Cornelius Fudge, a character who has not had more than 20 words in 4 films, is suddenly a figurehead that I was supposed to be invested in as a result of what he stands for, a frightened leader. All of the other characters, including Neville Longbottom’s dead parents who only come to life in the magical equivalent of Boomerang, have stronger emotional connections with the audience than this man does.   

Anyway, after the world’s dumbest literal witch hunt, seemingly held with the intent of railroading a child out of his education, complete with appearances by such people as “that Privet Drive lady we’ll never see again” and absolute worst character witness Albus Dumbledore, Harry Potter is acquitted of something that he was literally told by the Judge was bullshit in the third film.
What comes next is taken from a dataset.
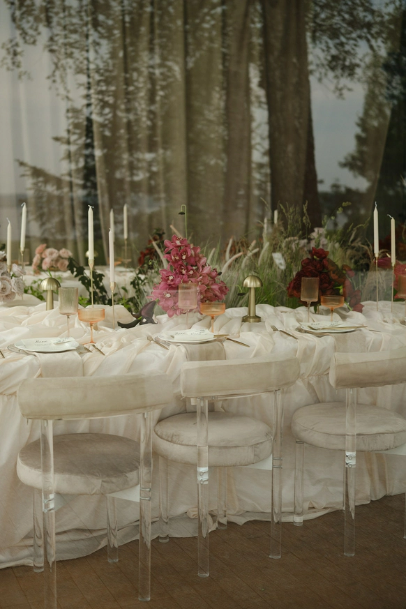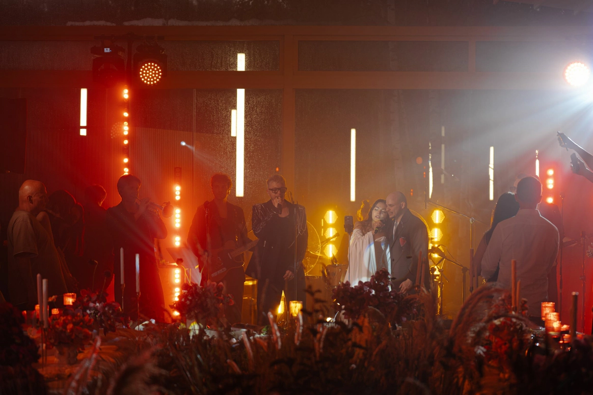 Пара не настаивала на конкретном декоре и полностью доверилась нашему вкусу и опыту. Мы взяли на себя все ключевые решения: от выбора площадки и команды до атмосферы вечера и тайминга.

Thankfully we’re back to the train in which we get one solid, clear message about what Harry Potter’s time at Hogwarts is going to be like this year. It’s just gonna be PTSD-o-clock.
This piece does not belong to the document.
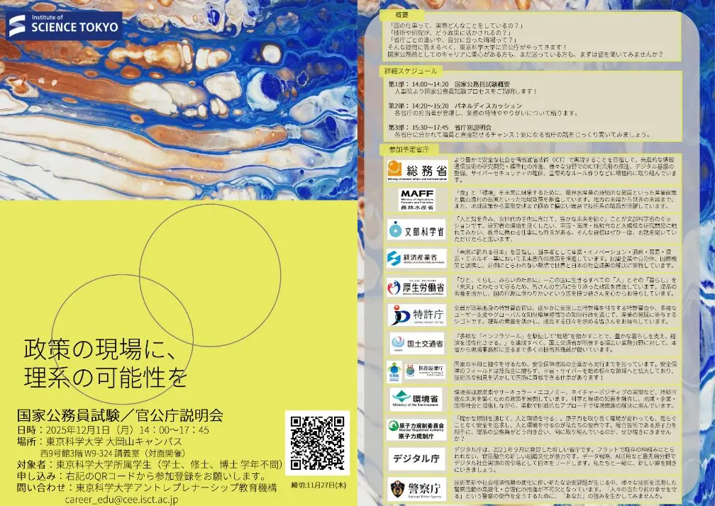 アントレプレナーシップ教育機構にて、国家公務員試験/官公庁説明会を開催します!

Upon arrival, we finally get the gang back together, now including Neville Longbottom. This genuinely warms my soul because his transition from background character into main cast member has been so seamless and natural. That character has truly earned his hero status.

We are also introduced to the most adorable little lady in this series to date, Luna “Looney” Lovegood. I absolutely adore the idea that in order to access some types of magic, you need to be a little touched. I assume that this is what they were trying to go for with Professor Trelawney but sadly she was just a little too on the nose. Luna is the exact opposite of on the nose. In fact, she was yet another great example of taking a traditional fantasy archetype and turning it completely on its head. Rather than being the black clad goth-y teenage witch obsessed with dead things, she is portrayed as this bright, ethereal presence of life who just happens to say really weird things.


There are two new professors at Hogwarts this year. Professor Snape’s slow clap for the fact that Hagrid will not be returning as a teacher gives me life. But of course the one that everyone remembers is the full introduction to the other deal breaker for me in this film, Professor Delores Umbridge. Imelda Staunton, in a get up that I can only imagine had a better effect in the books than it did on screen, is given a forced speech where political ideas for the story are fired at the audience with the subtlety of a tee shirt cannon. The proverbial red sun setting behind her though is that these are the implications of what happens when the government interferes with education.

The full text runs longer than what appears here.